Chapter 120: Round Two
Simon spent the next six months the same way. Every morning, he drank three helmets of water and caught something with a crude spear from the jetty while he still had the energy to do so. Then, he would fill his clay pot with five or six gallons of seawater and begin to climb up the slope.
There, he would use fire and salt to methodically make it further up the street toward the main square, destroying every tendril of greenery in any building along the way. Nothing behind me. That was his motto. He’d already been through the woodchipper once, and he had no intention of doing this half-assed and being forced to try again.
After all, the plant couldn’t do shit to him. Not if he was careful. He’d been hit by spines a few times so far, but none of them had penetrated his armor, which he wore no matter how hot he got. His leathers fit him loosely now, even cinched all the way up. Since he could count his ribs when his shirt was off, that wasn’t a surprise.
He was tanned in a way he’d never been before, too, and in all the time it took to get that tan, he’d counted a hundred and eight shooting stars, nine ships, and no people. The only thing he hadn’t counted in all that time was the number of fish he’d eaten. He might never eat fish after this. He was so sick of them that he’d taken to freediving for clams, oysters, and even shrimp sometimes, though he had very few ways to cook any of them properly.
“I’m never going anywhere without a pan again,” he told himself as he hiked up the cliff with a jug of water that day.

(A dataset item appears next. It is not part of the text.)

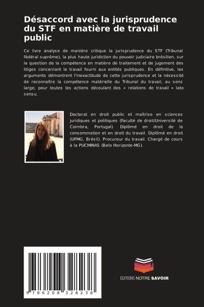 Ce livre analyse de manière critique la jurisprudence du STF (Tribunal fédéral suprême), la plus haute juridiction du pouvoir judiciaire brésilien, sur la question de la compétence en matière de traitement et de jugement des litiges concernant le travail fourni aux entités publiques. En définitive, les arguments démontrent l'inexactitude de cette jurisprudence et la nécessité de reconnaître la compétence matérielle du Tribunal du travail, au sens large, pour toutes les actions découlant des « relations de travail » lato sensu.

No, not that day, he corrected himself mentally. The day.
Today was the day he was going after the central blossom. He’d already killed every trace of plant life between the road and the main square. It wouldn’t be the end of it. He’d still have the rest of Ionar proper, plus the palace grounds to purge, but as far as Simon was concerned, what he was doing today was half the battle. If he succeeded here, everything else was just clean up.
He’d avoided it for weeks as he laid the groundwork, but that had given him all the time in the world to study the terrible plant. It had been growing for many years, which for a flower was an eternity, so at this point it was the size of an gnarled old oak tree. Instead of foliage, though, was a giant leathery flower that was very nearly blood red compared to the marbled orange and red of most of the other large blossoms.
He’d already destroyed many that were more than large enough to swallow him whole. Even the largest of those was only half the size of the main plant, though, and today, after what was probably decades of unending growth, he was going to end it.